Of course, fancy memcpy in general is only a win beyond a certain size. For DMA I did not mean I want to use DMA for any size beyond gcc's proposed function-call threshold. Rather, the vdso-provided function would choose what to do appropriately for the hardware. But on J2 (nommu, no special kernel mode) I suspect DMA could be a win at sizes as low as 256 bytes, with spin-to-completion and a lock shared between user (vdso) and kernel rather than using a syscall (not sure this is justified, though). Using a syscall with sleep-during-dma would have a significantly larger threshold before it's worthwhile.

Regarding how I measured kernel performance increase, I was just looking at boot timing with printk timestamps enabled. The main time consumer is unpacking initramfs.

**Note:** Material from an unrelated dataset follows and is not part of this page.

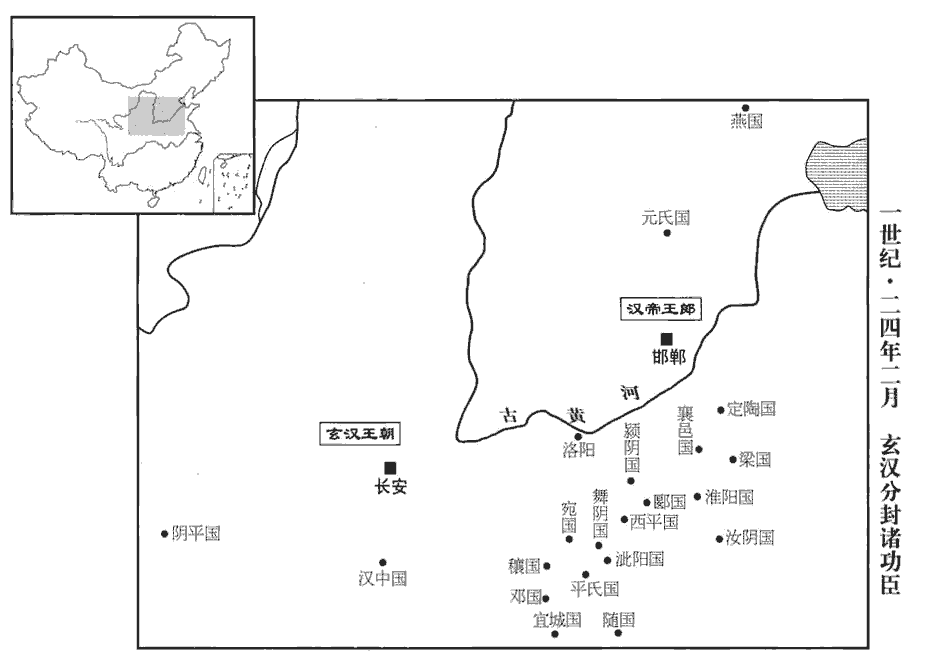 李松與棘陽‹河南南阳南›趙萌說更始宜悉王諸功臣;說,輸芮翻。王,於況翻。朱鮪wěi爭之,以為高祖約,非劉氏不王。鮪,於軌翻。更始乃先封諸宗室:祉為定陶王‹山东定陶›,班志:定陶縣,屬濟陰郡。宋白曰:定陶故城在曹州東北三十七里。慶為燕王‹北京›,燕,於賢翻。歙為元氏王‹河北元氏›,元氏縣,屬常山郡。闞駰曰:趙公子元之封邑,故曰元氏嘉為漢中王‹陕西汉中›,祉,舂陵康侯敞之子,大宗也。慶,敞之弟。嘉,敞之弟子。歙,更始之叔父。歙,許及翻。賜為宛王‹河南南阳›,宛縣,屬南陽郡。宋白曰:鄧州南陽縣,漢之宛縣。信為汝陰王‹安徽阜阳›;班志,汝陰縣屬汝南郡,故胡國;唐潁州治所。然後立王匡為泚zǐ陽王‹河南泌阳›,「泚陽」,後漢書作「比陽」。比陽縣,屬南陽郡;唐屬唐州。王鳳為宜城王‹湖北宜城›,班志,宜城縣屬南郡,故鄢。宋為大堤之地,立華山郡;後魏改宜城郡;唐為縣,屬襄州。朱鮪為膠東王‹山东平度›,膠東,漢王國,都即墨。賢曰:故城在今萊州膠水縣東南。王常為鄧王‹湖北襄樊汉水北岸›,鄧縣,屬南陽郡,故鄧國;唐為鄧城縣,屬襄州。申屠建為平氏王‹河南桐柏西北平氏镇›,班志,平氏縣屬南陽郡,有桐柏山;唐為桐柏縣,屬唐州。陳牧為陰平王‹甘肃文县›,賢曰:陰平縣,屬廣漢郡。宋白曰:唐文州曲水縣,漢陰平道也。衛尉大將軍張卬為淮陽王‹河南淮阳›,淮陽,本陳國;漢為淮陽國。賢曰:淮陽故城,在今陳州宛丘縣東南。執金吾大將軍廖湛為穰王‹河南邓州›,穰縣,屬南陽郡。師古曰:今鄧州穰縣是也。尚書胡殷為隨王‹湖北随州›,隨縣,屬南陽郡,古隨國;唐為隨州。柱天大將軍李通為西平王‹河南舞钢东北›,賢曰:西平縣,屬汝南郡;故城在今豫州郾城縣南。五威中郎將李軼為舞陰王‹河南泌阳北›,舞陰縣,屬南陽郡。宋白曰:唐州泌陽縣,本漢舞陰縣地。舞陽故城在葉縣東十里。水衡大將軍成丹為襄邑王‹河南睢县›,襄邑縣,屬陳留郡。國圈稱曰:襄邑,宋地,本承匡襄陵鄉也。宋襄公所葬,故曰襄陵。秦始皇以承匡卑濕,徙縣於襄陵,故曰襄邑。縣西十里有承匡故城。賢曰:今襄邑縣在宋州西。驃騎大將軍宗佻tiāo為潁陰王‹河南许昌›,佻,他彫翻,又田聊翻。班志,潁陰縣,屬潁川郡。尹尊為郾yǎn王‹河南郾城›。班志,郾縣,屬潁川郡。宋白曰:七國時,魏之下邑,今許州郾城縣是也。括地志:豫州褒信縣,本漢郾縣地。師古曰:郾,一戰翻。唯朱鮪辭不受;乃以鮪為左大司馬,宛王賜為前大司馬,使與李軼等鎮撫關東‹崤山之東›。又使李通鎮荊州‹湖南湖北›,王常行南陽‹河南南陽›太守事。以李松為丞相,趙萌為右大司馬,共秉內任。內任,謂朝廷之內。

Comment 6 Oleg Endo 2016-09-21 05:58:30 UTC

(In reply to Rich Felker from comment #5)
> Of course, fancy memcpy in general is only a win beyond a certain size. For
> DMA I did not mean I want to use DMA for any size beyond gcc's proposed
> function-call threshold. Rather, the vdso-provided function would choose
> what to do appropriately for the hardware. But on J2 (nommu, no special
> kernel mode) I suspect DMA could be a win at sizes as low as 256 bytes, with
> spin-to-completion and a lock shared between user (vdso) and kernel rather
> than using a syscall (not sure this is justified, though). Using a syscall
> with sleep-during-dma would have a significantly larger threshold before
> it's worthwhile.

I see.  Anyway, I agree that something like attachment 39642 [details] is useful.

> Regarding how I measured kernel performance increase, I was just looking at
> boot timing with printk timestamps enabled. The main time consumer is
> unpacking initramfs.

Ah right, that sounds like copying memory around.  Do you happen to have any other runtime measurements?